Max Weber argued that “the primary task of a useful teacher is to teach his students to recognize ‘inconvenient’ facts—I mean facts that are inconvenient for their party opinions” (“Science as a Vocation”). Sadly, the teacher cannot perform this task if he or she is distrusted because of his or her political views. Nor can the teacher inform society of new knowledge if he or she is viewed with suspicion. Now that the partisan and ideological imbalance in the universities is becoming known to ordinary citizens, the same suspicion that is causing distrust in the media is causing distrust in academics.

 

Morgan Marietta is Associate Professor of Political Science at the University of Massachusetts Lowell. He is the author of A Citizen’s Guide to American Ideology: Conservatism and Liberalism in Contemporary PoliticsThe Politics of Sacred Rhetoric: Absolutist Appeals and Political Influence, and A Citizen’s Guide to the Constitution and the Supreme Court: Constitutional Conflict in American Politics. With David Barker, he is currently writing One Nation, Two Realities: Dueling Facts in American Democracy (Oxford University Press), on the causes and consequences of polarized fact perceptions.

 

NOTES

¹The first set of questions was included on the 2013 CCES. The second survey was conducted by YouGov in April of 2014, sponsored by the Center for Public Opinion at UMass Lowell. Each survey queried a national stratified sample of 1000 respondents, conducted via Internet polling by YouGov, which interviewed an oversample of respondents (1172 in April 2014) which were then matched down to a sample of 1000 to produce the final dataset. The respondents were matched to a sampling frame replicating the U.S. population in gender, age, race, education, party identification, ideology, and political interest.

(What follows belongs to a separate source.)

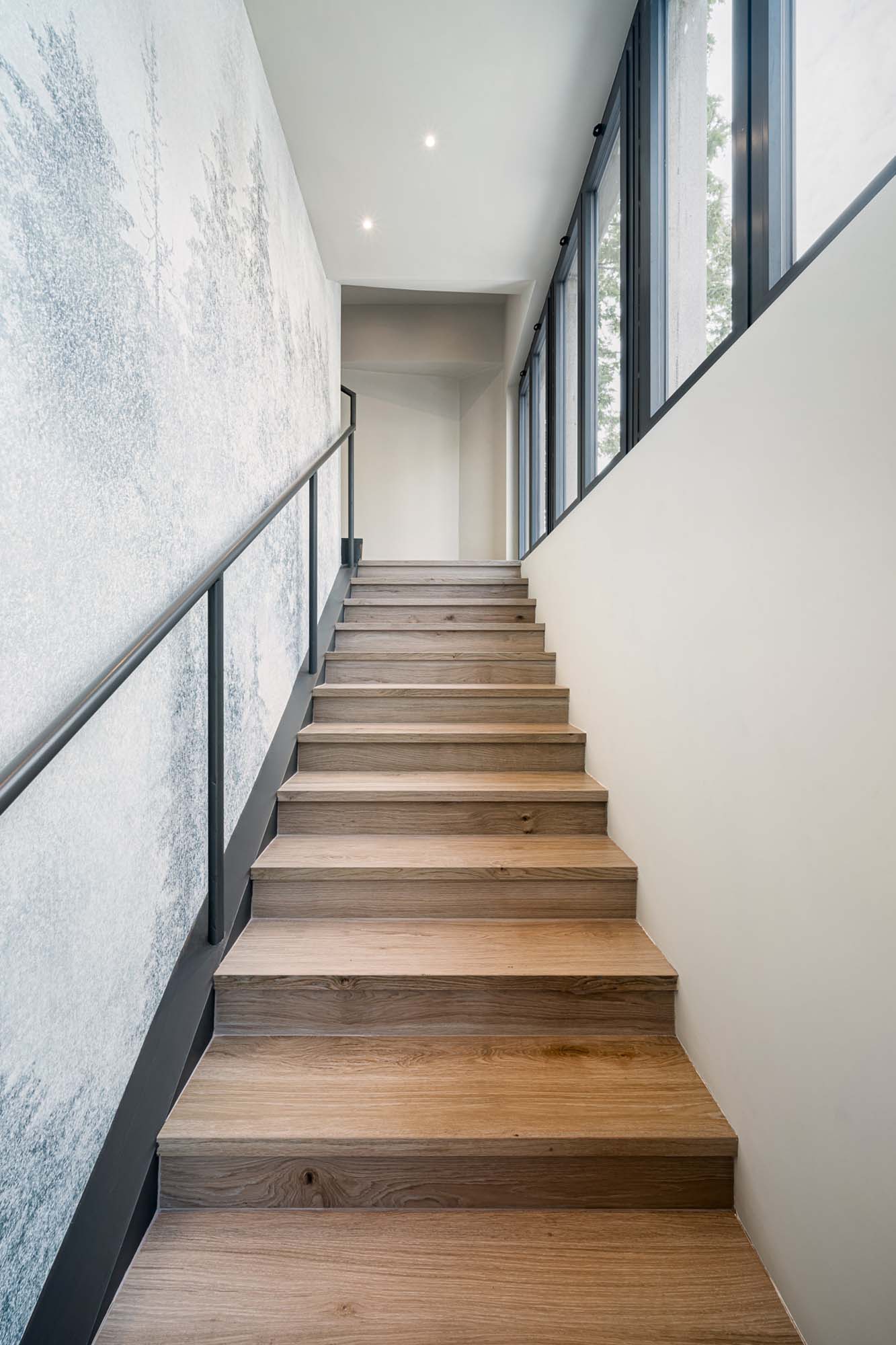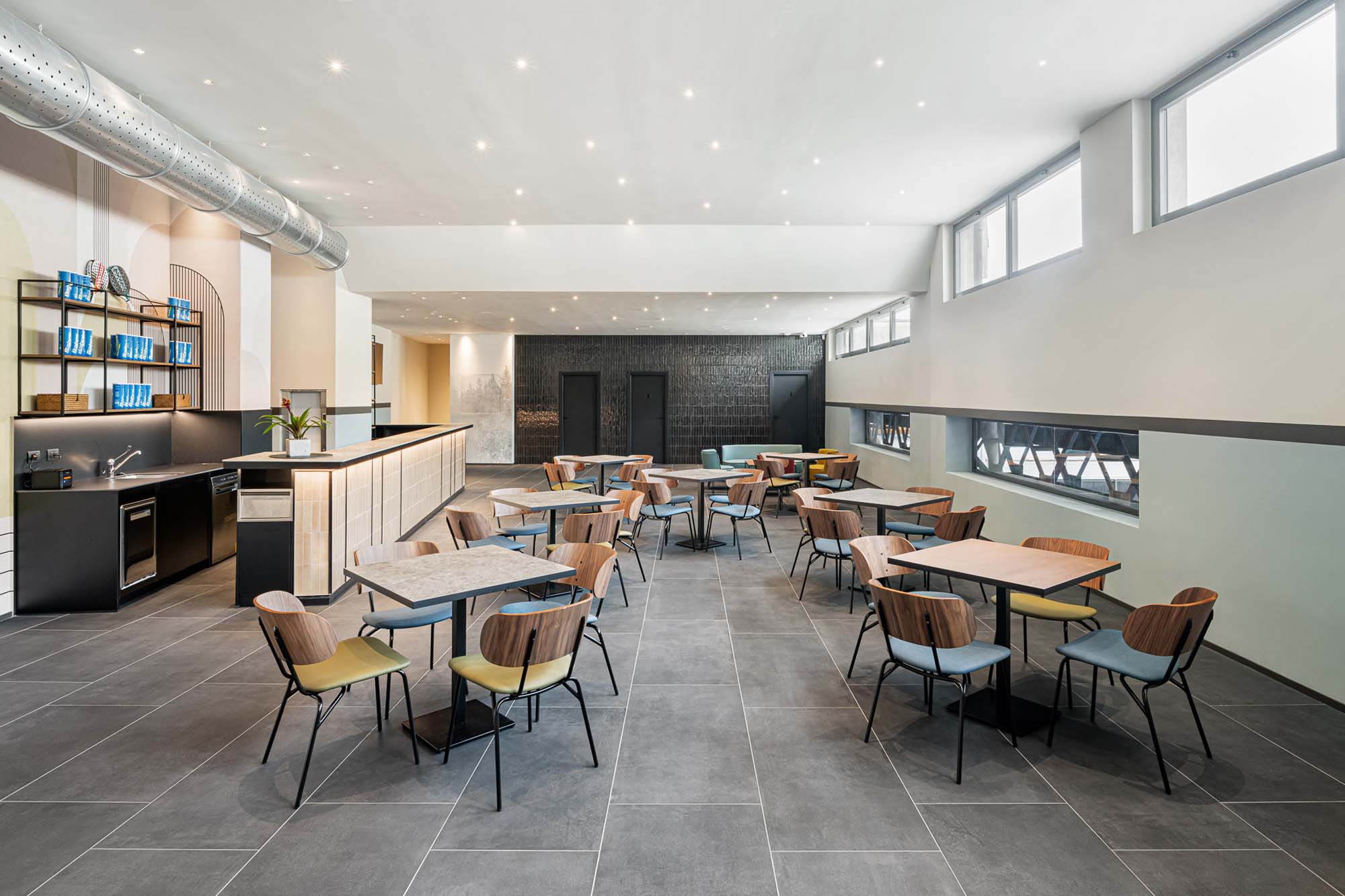 Desde la escalera revestida con duelas de 25 x 150 cm de imitación de la madera de Treverkmust se accede al bistró ABKS Break Time. “No queríamos evocar la identidad industrial del lugar, por lo que descartamos la típica idea de configurar un espacio ‘bruto’ con cemento a la vista. Hemos preferido un ambiente de elegancia insinuada, no chillona, caracterizado por los colores y texturas de los materiales”, prosigue Canelli. La sala está pavimentada con gres porcelánico oscuro de imitación del cemento (serie Cementum, de 60 x 120 cm) para dialogar con el contexto original, del que se conservan los conductos de aire industriales, las ventanas altas y los ventanales continuos. La planta superior también aloja un amplio mostrador, en este caso rectilíneo y revestido con los azulejos de formato pequeño Lume de la colección Crogiolo, de color rosa y superficie destonificada para crear efectos de luz tornasolados. Detrás del mostrador, para poner de relieve el rosa del revestimiento y resaltar el fondo gris y jaspeado de la encimera (colección The Top Stone Look, color Gris du Gent), se colocaron las placas cuadradas de Powder Graphite (de 60 x 60 cm). “Queríamos jugar con el efecto matérico, manteniendo al mismo tiempo la sencillez general del ambiente”, añade Canelli. Todo este juego de superficies y colores se propone asimismo en los sobres de las mesas.

² These figures average the results of three recent studies of academic ideology: Rothman et al. (2005)Hurtado et al. (2011), and Gross (2013)

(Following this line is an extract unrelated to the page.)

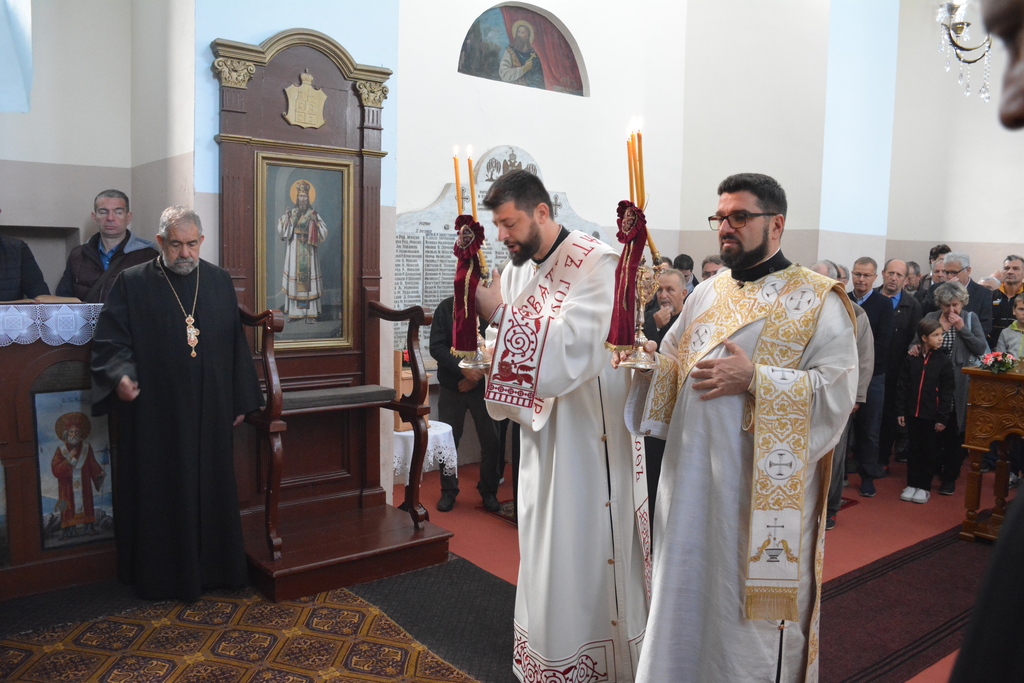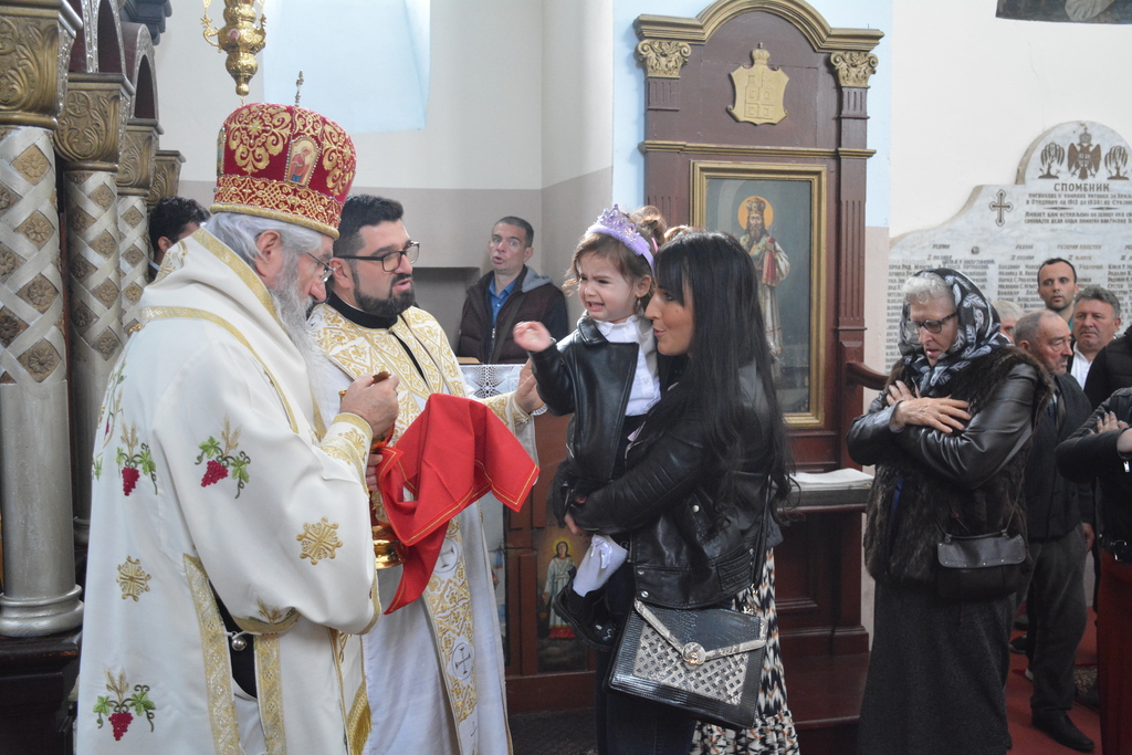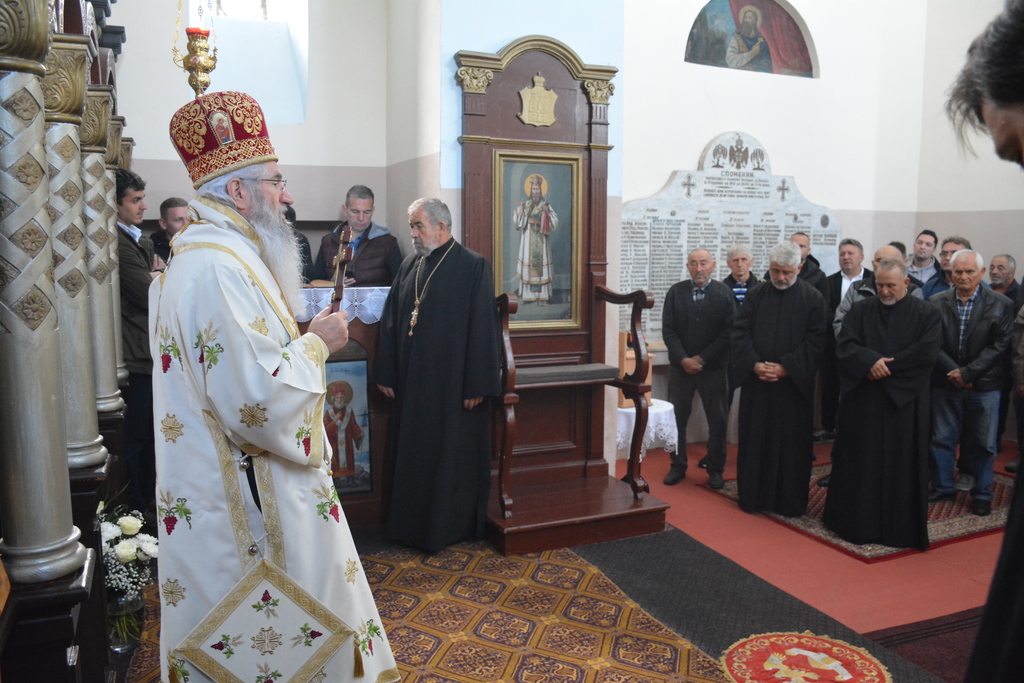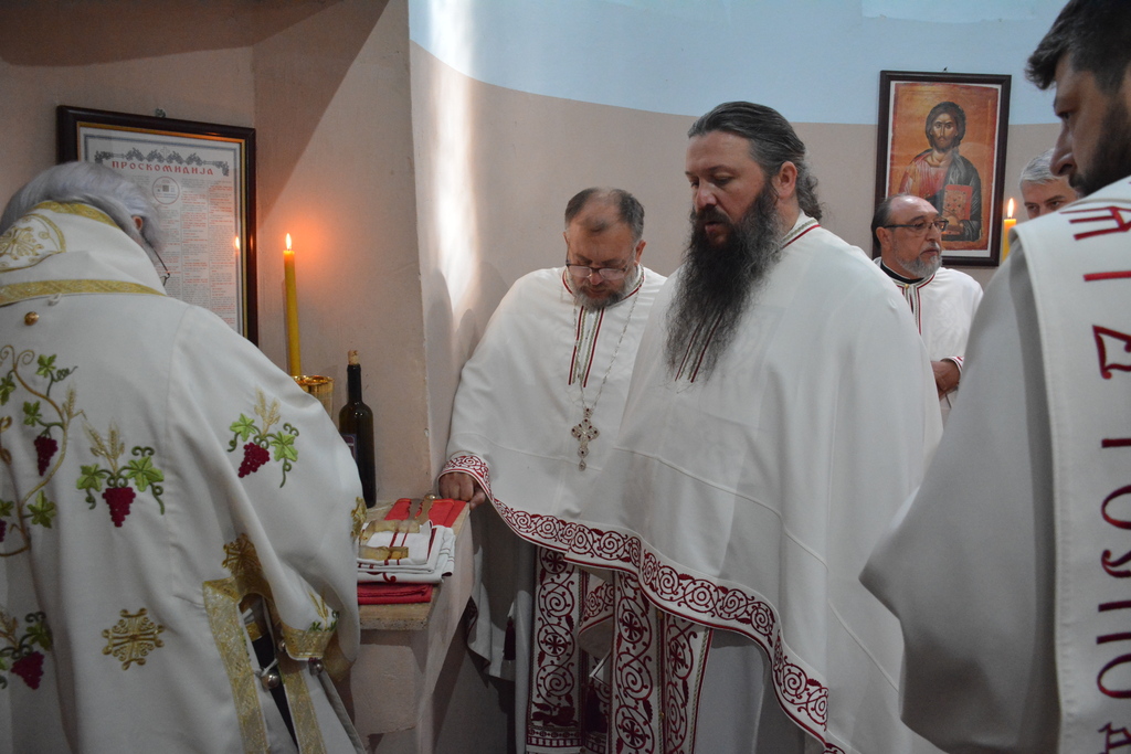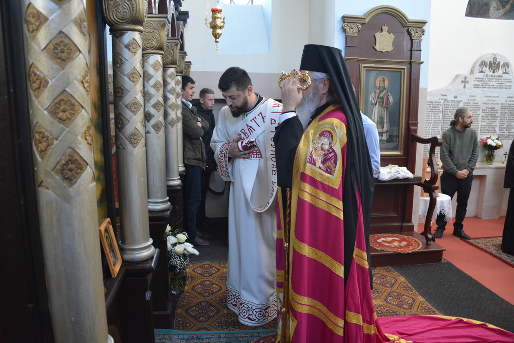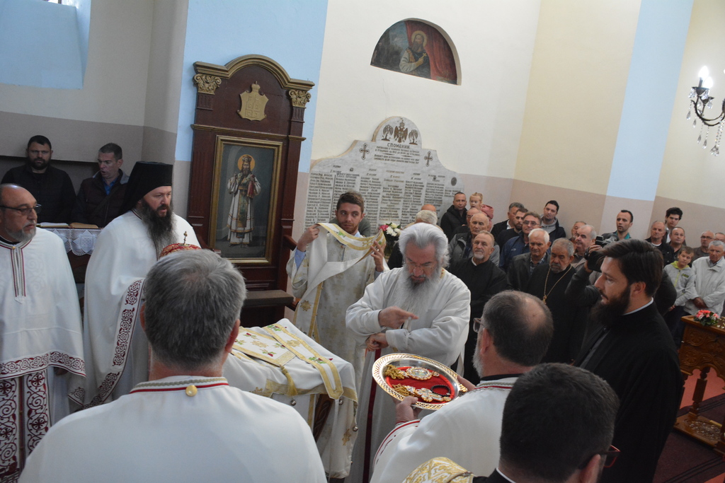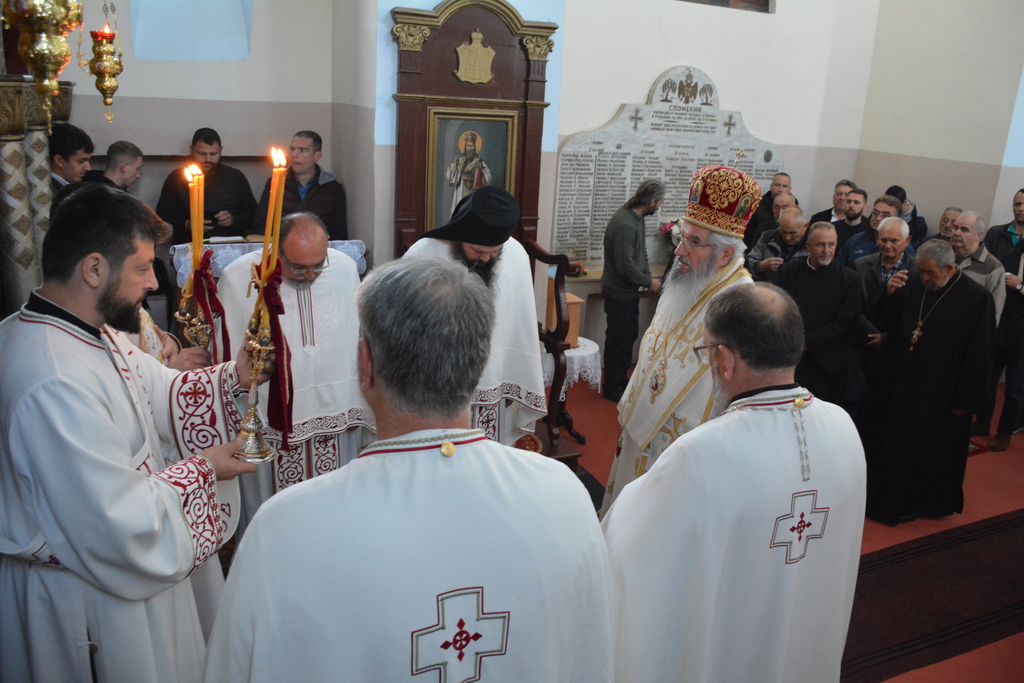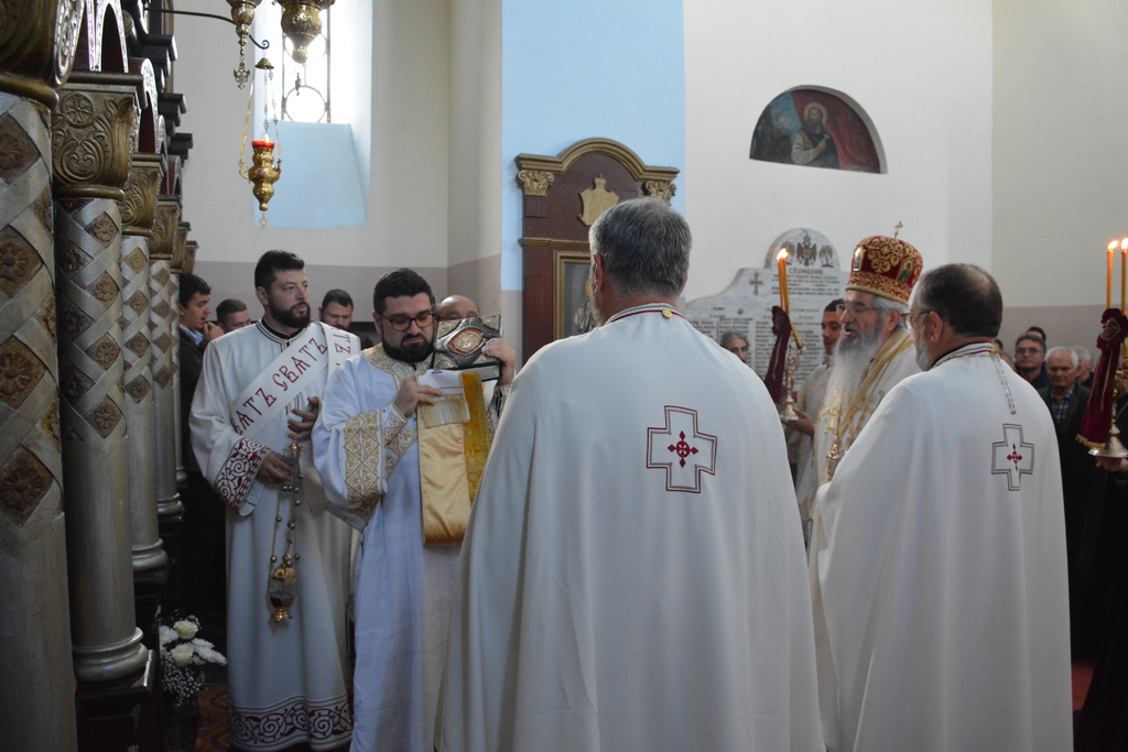 Шта то човек може да подари и принесе Богу? Ништа. Ми ћемо данас који смо се овде сабрали казати да смо данас принели свећу, просфору, кандило, или било шта. Добро јевто и тако и треба, али браћо и сестре, то Богу не треба, јер он је Пуноћа. Али треба нама и ми то чинимо због нас. И наше молитве нису Богу потребне, али су потребне ради нас, да ми молитвом умилостивимо Бога да нам Бог буде милостив. Све што чинимо ми заправи чинимо не ради Бога, већ ради себе. Све ово што ми приносимо јесу средства преко којих долазимо до Бога. И наш труд када је искрен и када је поштен онда Бог тај труд и награђује, ако га чинимо из смирења, а не само узгред. Зато Литургија тражи целога човека, а не човека који је само на Литургији присутан телом, а дух му тамо негде. Богу смо ми најпотребнији, јер је Он ради нас и дошао у овај свет зато што воли човека. И зато Бог не жели да допусти да било ко од нас страда, погине духовно. Бог неће ни да природа пропадне, творевину је створио како би нас што више приближио себи, како би ми кроз ову лепоту творевине Божије сагледали силу Божију, моћ Божију и љубав Божију. Творевина се преко човека спасава и она уздише када је човек окрене леђа. А, како тек Бог уздише када му ми окренемо леђа. Бог хоће нас који му се у миру обраћамо и у миру живимо са Њиме и једне са другима, са ближњима. Тај Божији мир ми осећамо свуда, ако имамо веру, а највише тај мир осећамо на Божанственој Литургији. Неопходно је да Света Литургија од почетка сија светлошћу Свете Тројице. Литургија је Светлост и зато свештеник и започиње Свету Литургију славословећи Свету Тројицу. Она је откривење Царства Небескога, али је она у исти мах и Тајна Христовог доласка. Она нам открива Ваплоћеног Бога, јер Његов долазак јесте то Царство Небеско. Христос се јавља управо кроз Свете Тајне које се свршавају на Божанственој Литургији. Литургијски Христов долазак што и јесте евхаристијска, приношена благодарна Тајна прображава земљу у небо. Она спуста небо на земљу и земљу уздиже на небо. Сви заједно служимо Литургију са Богом, али са нама саслужују и анђели и арханђели, браћо и сестре. Тако храм, у коме се сабирају верници да би исказали благодарење Господу, постаје обиталиште анђела и арханђела. И када би нам се отворио тај духовни вид видели би смо да је овај храм пун анђела и светитеља Божијих. Зато нам треба, као што рекох, тај духовни хришћански живот, да сагледамо оно што не можемо сагледати нашим телесним очима. Литургија се служи у миру, у миру са Богом, са собом и једних са другима. У миру Господу да се помолимо, тј. са миром. А тај мир, прави мир, јесте једино мир Божији, вишњи мир. Ако смо узнемирени онда нећемо да осетимо дејство благодати Божије које нам се даје управо кроз свете Тајне и свете врлине. Мир који је човек примио као благодатни дар од Бога управо је онај мир који човек поново прима живећи поред Бога, живећи Литургијом, живећи Јеванђељем, живећи Христом. Јер ништа друго не доноси мир нашој души као познање Бога и стицање врлина. Нека нам Господ помогне да живимо у миру са Богом, са собом и једних са другима”, рекао је Епископ Јован.

Rothman (employing 1999 data) reports 72 percent liberal and 15 percent conservative faculty (4.8:1); Hurtado (employing 2011 data) reports 63 percent liberal and 13 percent conservative (4.8:1); Gross (grounded in a 1996 survey) finds 63 percent liberal, and 20 percent conservative (3.2:1). Average results are 66 percent liberal and 16 percent conservative, or a ratio of 4.1:1. (If we average the ratios rather than the liberal and conservative percentages, the result is 4.3:1). These numbers are averages across the university; within disciplines like political science or especially sociology the ratios are much higher.

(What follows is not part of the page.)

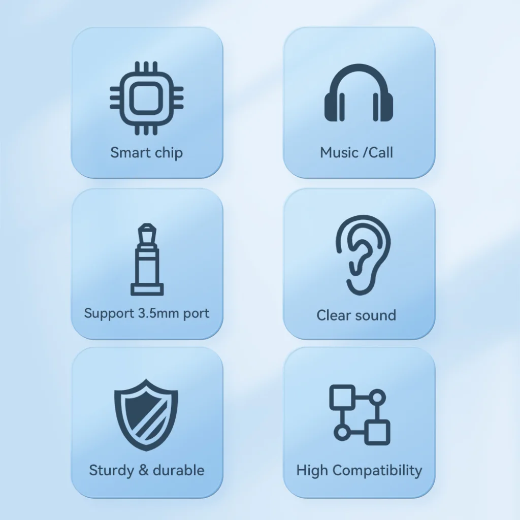 Minden 3,5 mm-es fülhallgatóval kompatibilis, és lehetőséget ad az in-line vezérlésre, beleértve a hangerőszabályozást, hívásokat, zenelejátszást és egyéb funkciókat. Azonban az in-line vezérlés nem elérhető az Apple eredeti 3,5 mm-es fülhallgatóinak használatakor.

³ This analysis employs a logistic regression, which is designed for dichotomous dependent variables, in this case whether citizens perceive the university to be more likely correct or incorrect. This statistical approach can provide the change in the probability of one outcome over the other (distrust rather than trust) in response to specific independent variables of interest, in this case perceptions of the partisan balance of university faculty, controlling for a range of other possible influences, such as age, gender, income, education, and political knowledge of the respondent, each of which demonstrated an indepdendent statistically significant relationship (N=989).